TrekCore: Dan particularly loves your take on the Star Trek universe and the ideas of exploration and peaceful coexistence that are at the heart of Star Trek’s vision. What does Star Trek represent to you?

Kirsten Beyer: For me, Star Trek has always been the version of the future I’d most like to see made real.  If technology could take human beings beyond our solar system, that would be fabulous.  I have no doubt that one day it will.  But what really excites me is to imagine that technology will also help humanity evolve beyond the parochial, territorial, greedy, self-obsessed, and fearful place in which we have been mired for far too long.

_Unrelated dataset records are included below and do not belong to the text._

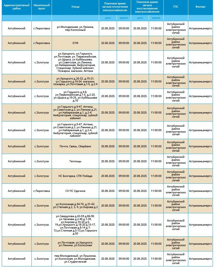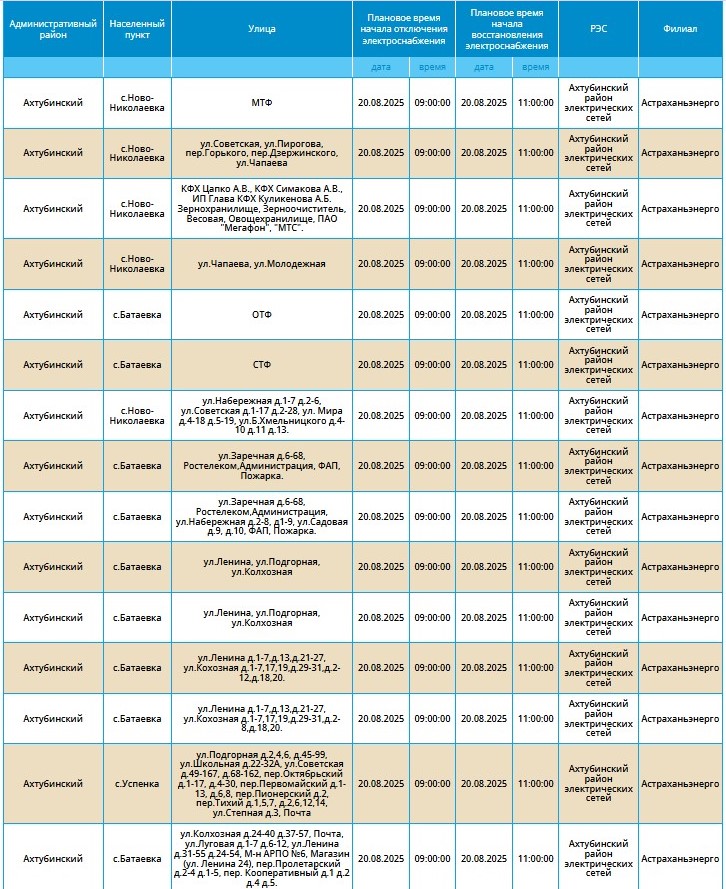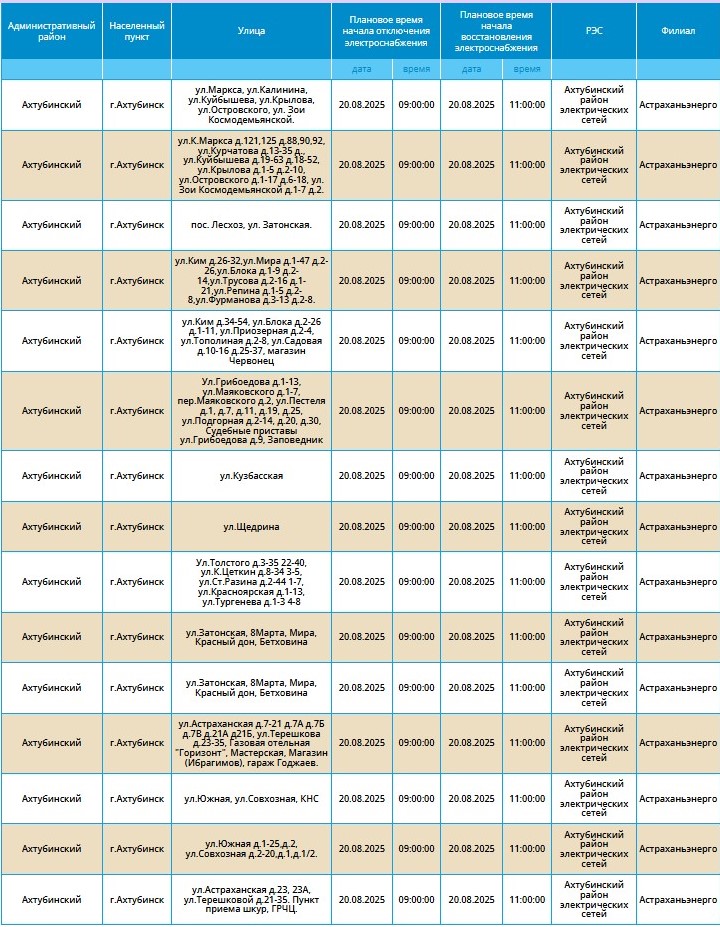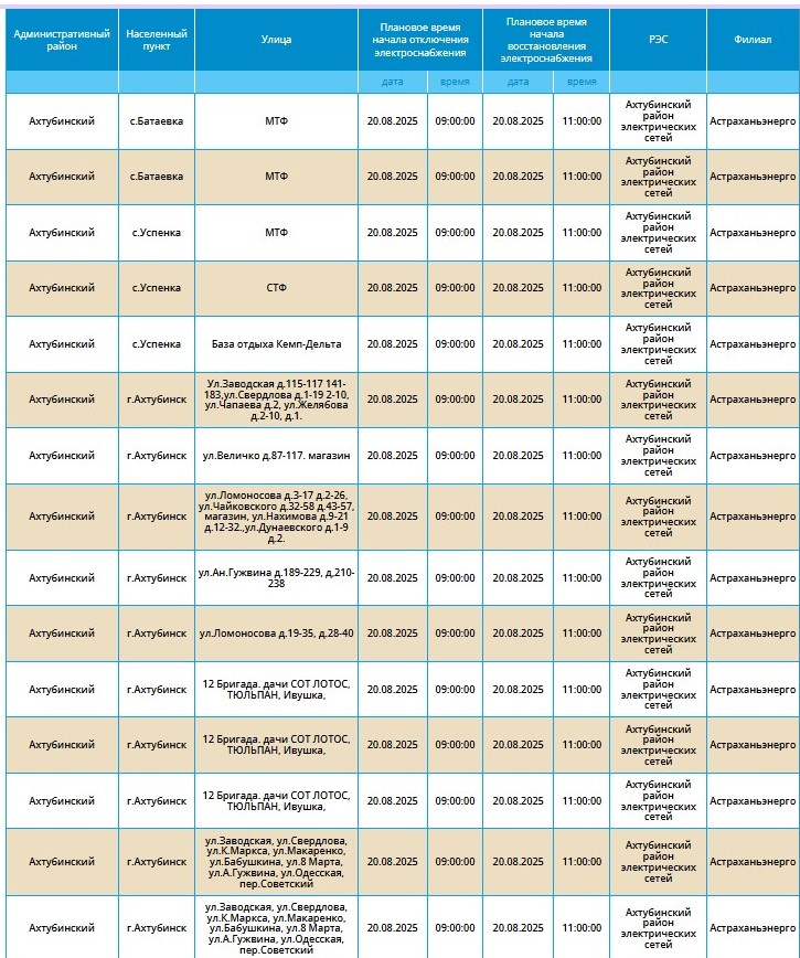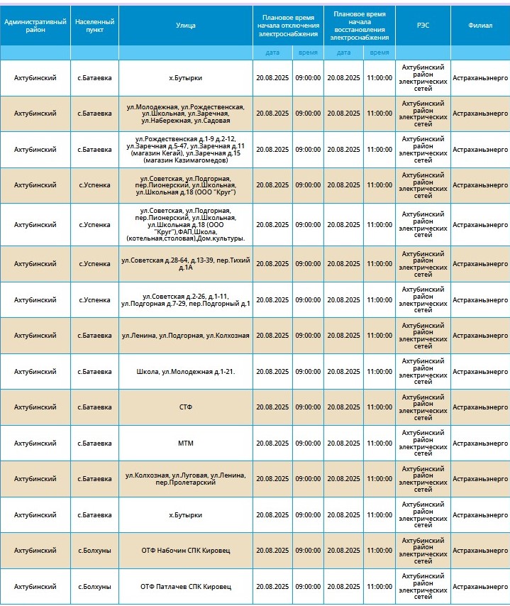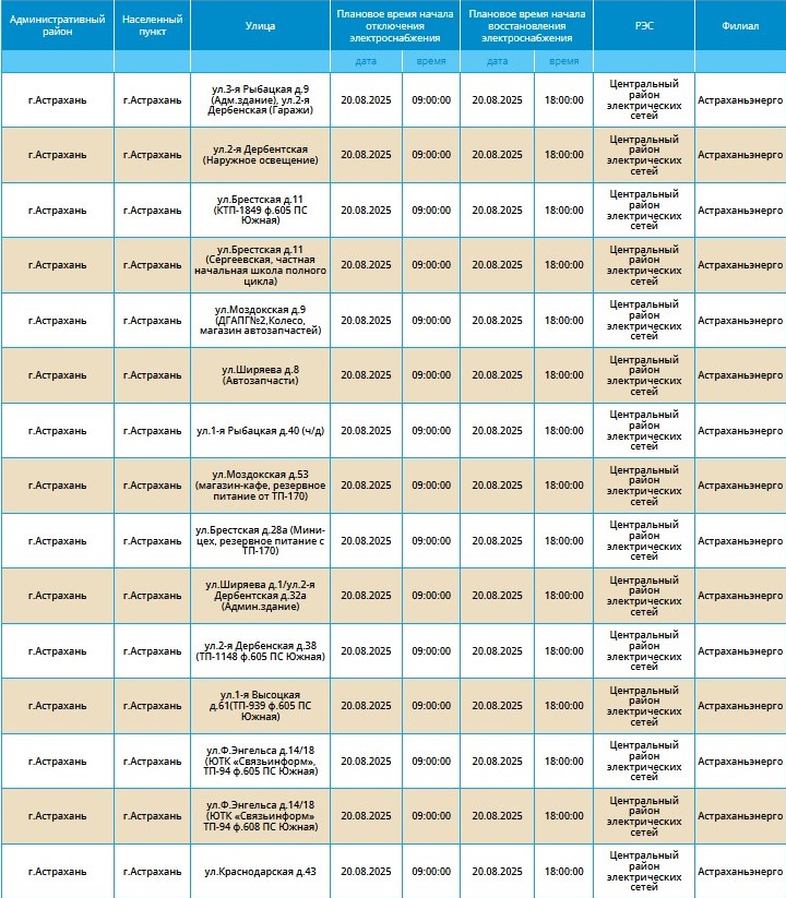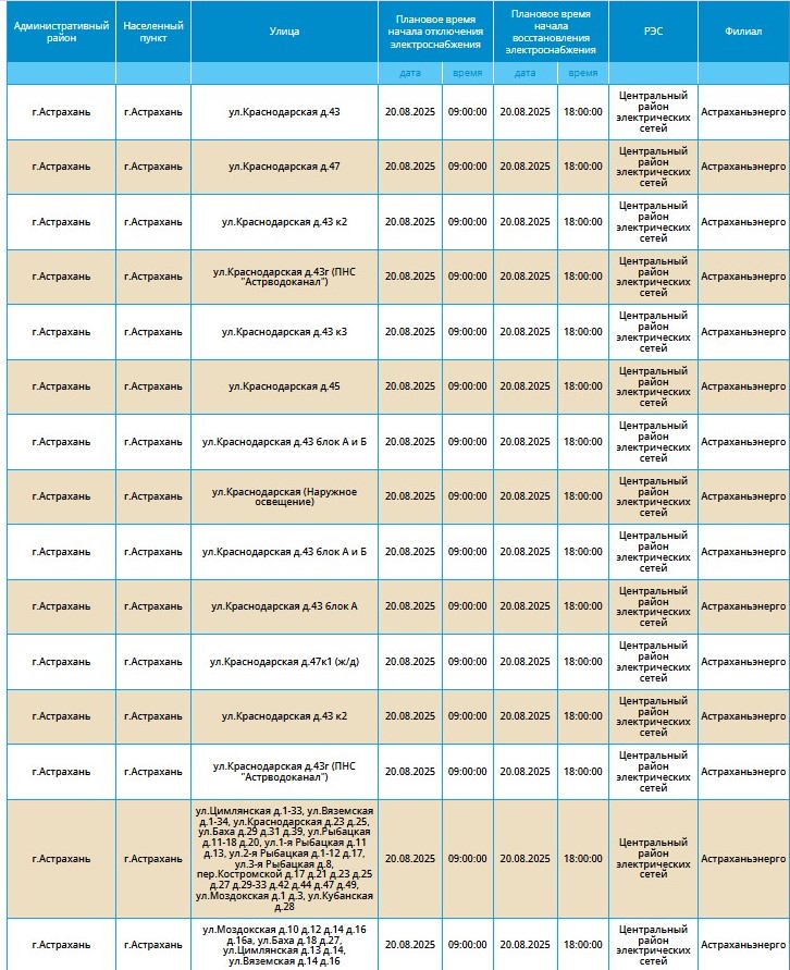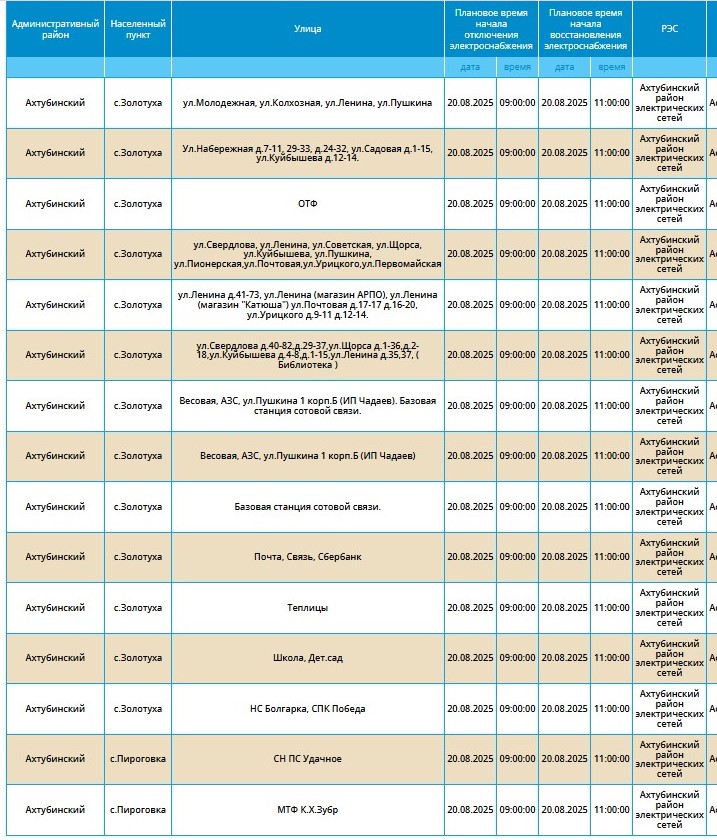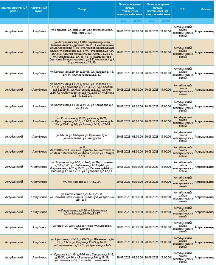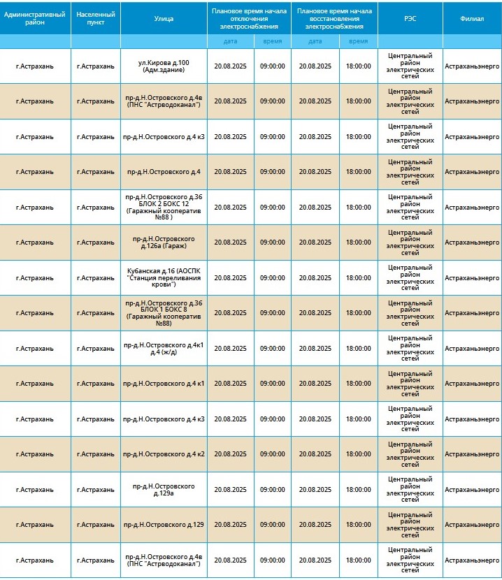Главный «удар» примут на себя города Астрахань и Ахтубинск. В них без электричества на несколько часов останутся десятки улиц. Также под отключение попадает ряд адресов в селах и поселках Икрянинского, Ахтубинского и Харабалинского районов. Список смотрите в таблице ниже.
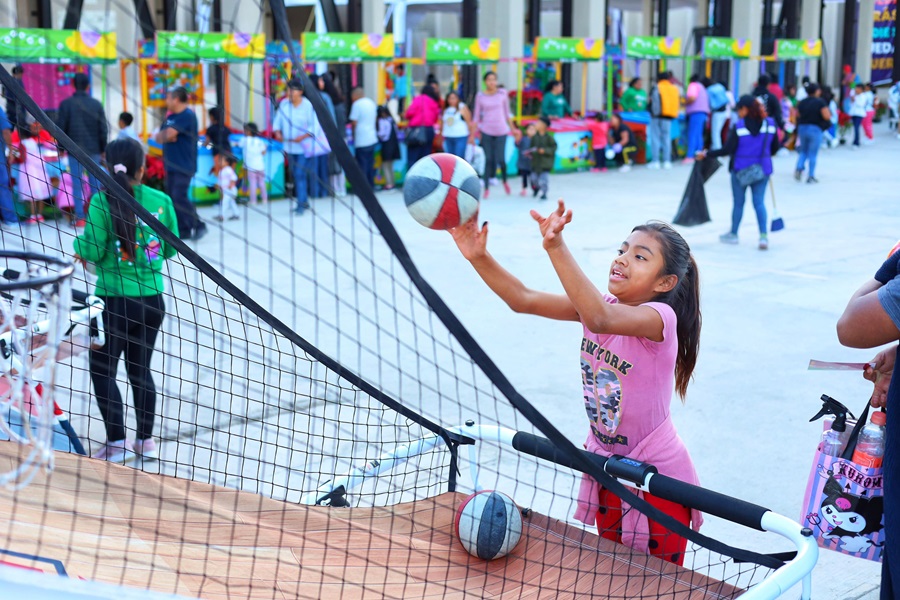 A partir de las 17:00 horas, la emoción embarga a la niñez que en compañía de sus seres queridos hacen fila para recibir el pasaporte mágico, ya que al jugar canicas, básquetbol, futbolitos, entre otras atracciones, reciben sellos y al acumular ocho obtienen un juguete nuevo, con el cual interactúan libremente y ejercen su derecho a la recreación, esparcimiento y descanso.
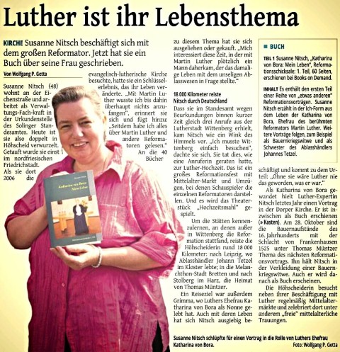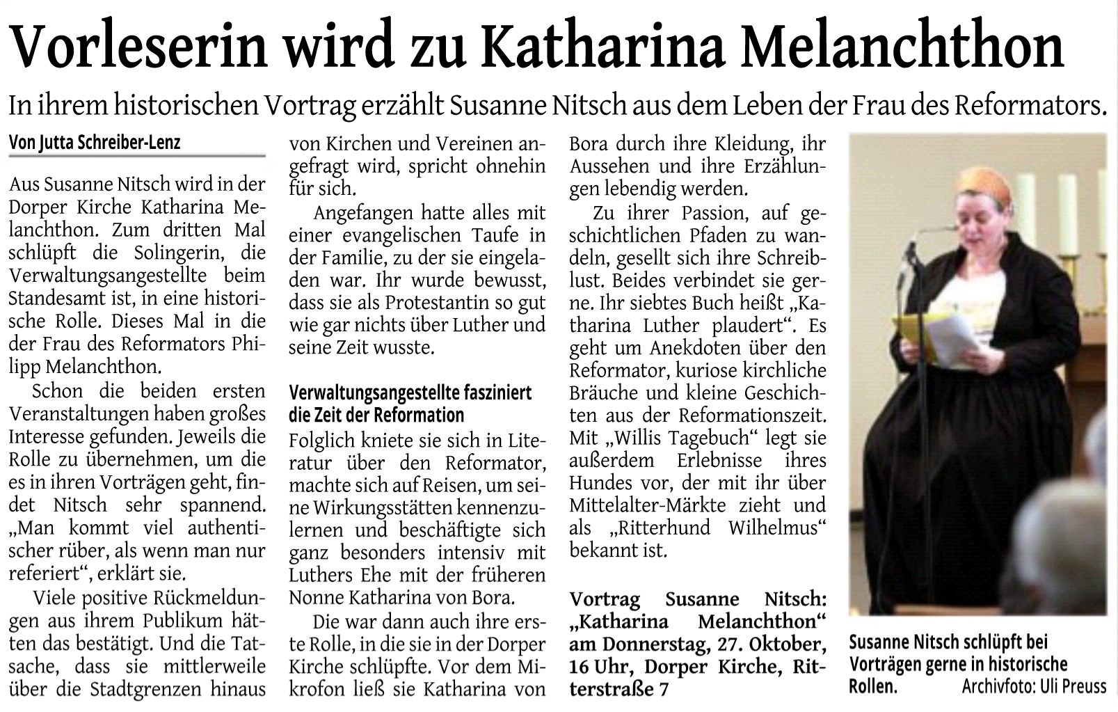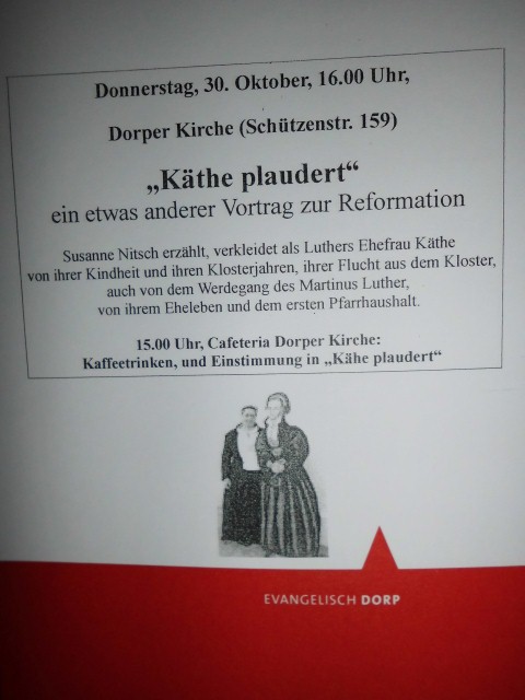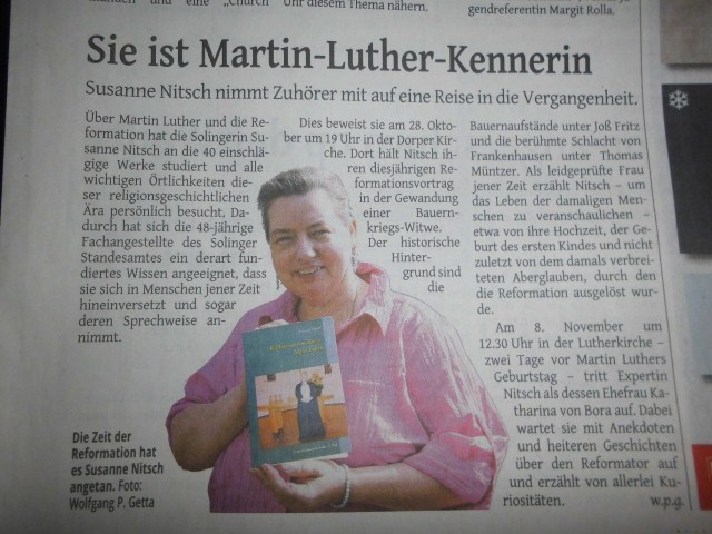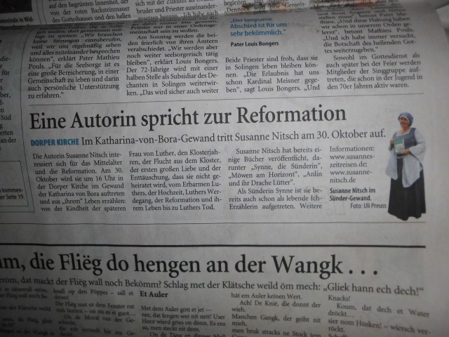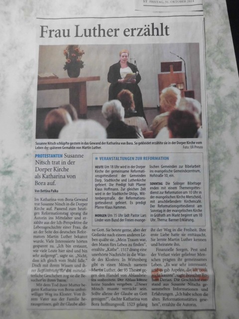 Zeitungsartikel zum Reformationsvortrag "Käthe plaudiert" in der Dorper Kirche:
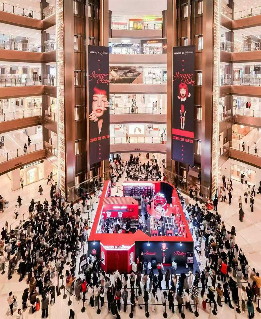 除聯(lián)名產(chǎn)品外,此次合作還同步落地了線下快閃活動。3月20日,MINISOxJennie聯(lián)名快閃活動率先登陸上海港匯恒隆廣場。除常規(guī)聯(lián)名產(chǎn)品外,Jennie快閃限定聯(lián)名家居服也同步上架,引發(fā)廣泛關(guān)注。公開數(shù)據(jù)顯示,此次快閃創(chuàng)下了名創(chuàng)優(yōu)品自2025年以來快閃單店單日業(yè)績流水新高。
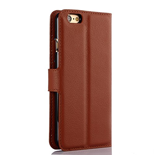 Premium Leather Wallet Case Cover with Stand Card Holder for iPhone 6 Plus / iPhone 6S Plus Phone (Wallet - Brown)
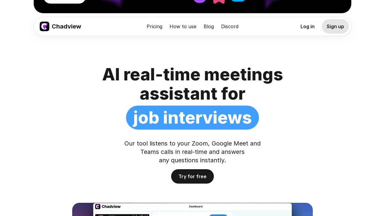 Chadview is an AI-driven extension compatible with Zoom, Microsoft Teams, and Google Meet, offering instant responses to questions asked in real-time. Leveraging the ChatGPT API, it captures and recognizes inquiries through browser audio, delivering precise answers in just 3-4 seconds. Ideal for job interviews, tech sales calls, and support teams, Chadview offers a complimentary 15-minute trial, after which users can buy additional time at $5 per 30 minutes. Customer support and feedback are available through the Chadview community on Discord.

As Trek shows us, some of those things don’t go away just because we have replicators, artificial gravity, phasers, and can cure a lot of diseases that right now limit our life span.  Some of that is just part of how we’re wired. But Trek posits that given enough time, we will eventually learn not to allow those things to define us.  We have the potential to move beyond what divides us now, to see ourselves as a single species, as one world, and to use the power that awareness would grant us to make our lives more purposeful.

If none of us had to worry about where our food or fuel came from, if each of us were free to choose to spend our time doing what we found fulfilling because survival was no longer at issue…well, it’s a  nice dream. But it’s also the place we’re going to have to reach as humans if we are going to survive.  The things we throw our time and money at right now limit us tremendously.  But for most of us, our choices are few.  W

e may create lives where we don’t have to choose between what fascinates us most and what we do all day long.  But everybody also needs to eat and keep a roof of some sort over their head.  Our struggles to obtain these basic necessities drive us now.  And our inability to bridge the imaginary borders drawn on maps, to see every other human being as “us” rather than “them” may yet prove to be our undoing. In Trek, that has become our past.

In Trek’s future, so many things we argue about now are taken for granted as settled. People don’t work to acquire things.  They work to develop their own potential and the potential of humanity. They have come to accept that peaceful coexistence is the ultimate goal, the only framework from which every individual alive can thrive. Trek’s characters get to think bigger, to worry about more interesting things, and see themselves as citizens of the universe.

I want to live in that world, which is probably the biggest reason I keep writing about it.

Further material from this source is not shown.